I feel like Bethesda gave themselves a template and tried to do as much as they could with the template, and I think it paid off with their writing and level designs. You really don't know what you're getting into walking into a dungeon in Fallout 3. Could it be infested with ants? More ghouls? Maybe an underground Super Mutant stronghold? Groups of Raiders? Maybe some people hiding out? Bethesda gets a lot of shit for bad writing, but really that's only ever in the main quests. Their side quests, I find, are usually a lot of fun and well written, at the very least they're entertaining.
New Vegas tried to do a lot of different things without a template, and either failed to provide anything interesting, or ran out of time to finish it.
In New Vegas, the side quests I just felt were uninteresting, bland, and had boring characters. If they weren't making you trek across the desert (damn you Boomers), they were making you wander around and do a lot of, well, nothing. The main quest was a friggin' slog in New Vegas. I will praise the writing and acting up and down, but it was just so BORING. No matter what path you take, you get the platinum chip, activate the securitrons (though I think NCR skips that part), and then do a series of side quests you'd probably do anyway, and did I mention I find the side quests boring? After that, you get one interesting mission with the President of NCR, then go flip a switch, go to Hoover Dam, and the game is over.
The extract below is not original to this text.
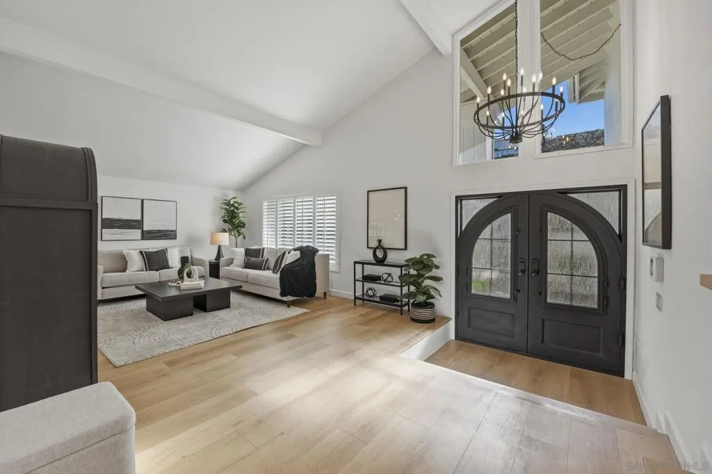 VIEWS VIEWS VIEWS! FULL HIGH-END RENOVATION just completed in 2026! Be the first to live in this stunning home since. Private, resort-like setting on a 0.24 acre lot in the heart of La Costa directly above the OMNI golf course. Nicely set back with a circular driveway and a fully enclosed entry courtyard that provides a real sense of privacy. Arched iron doors open into a well laid-out home where every inch has been professionally designed with high-grade finishes. Extra-wide plank floors lead your eye across the home, where the view can be seen from every room. The kitchen features Taj Mahal quartzite natural stone counters and Bosch appliances. The spacious living room has soaring ceilings, and a separate family room features a gorgeous herringbone fireplace. The downstairs bedroom can double as an office or den, and one of the three full bathrooms is also downstairs. The primary suite features a gigantic bathroom with a luxury shower and soaking tub, walk-in closet and a sliding door that leads to a balcony overlooking the entire La Costa Valley. Just 1 mile from the saltwater of the Batiquitos Lagoon and The Beacon La Costa, with high-end shopping, dining and Equinox Fitness Club at your fingertips. This home is simply one of the finest products to ever grace The Avenue. No HOA / No Mello-Roos. The location is ultra convenient. The schools are top notch. The landscaping is beautiful with several mature trees. This trophy property is an absolute show-stopper, turnkey ready for the new owner to step into the coastal La Costa lifestyle.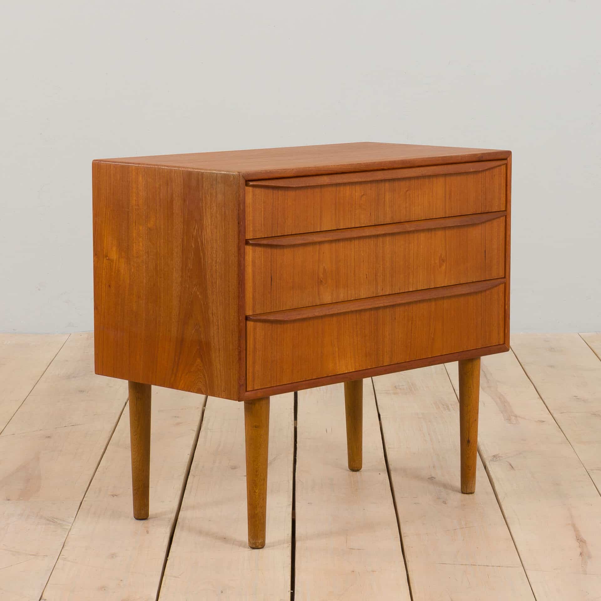 Atemberaubende kleine Kommode aus Teakholz mit drei Schubladen und massiven Teakholz-Griffen, hergestellt von einem dänischen Hersteller in den 1960er Jahren. Wahrscheinlich als Flurkommode konzipiert, kann aber auch als Beistelltisch oder Nachttisch verwendet werden. Die konischen Beine aus massivem Teakholz sind abnehmbar, was den Transport erleichtert. Hervorragender Vintage-Zustand, mit zusätzlichen Schichten Danish Oil renoviert. Die Schubladen sind sauber und lassen sich leichtgängig öffnen und schließen.

In Fallout 3, you explored a derelict Vault, entered a simulation run by a 200 year old madman, rescued children from slavers, followed a giant robot around, repaired a radio station, escaped the enemy base (and optionally
blew up the President of the United States), and then it actually continued, provided you have DLC(which you'd honestly be stupid not to at least get that one nowadays. I'd forgive you if you skipped the rest). Even if the writing fell apart, it was loads of fun and had a ton of variety. I do not count "go do some side quests" as variety, that's just lazy.
It might help I played 3 first, but I honestly expected New Vegas to blow me away and become my new favorite, I was totally open to that. But it didn't, and I genuinely hope we get some traditional Bethesda flair in this new game.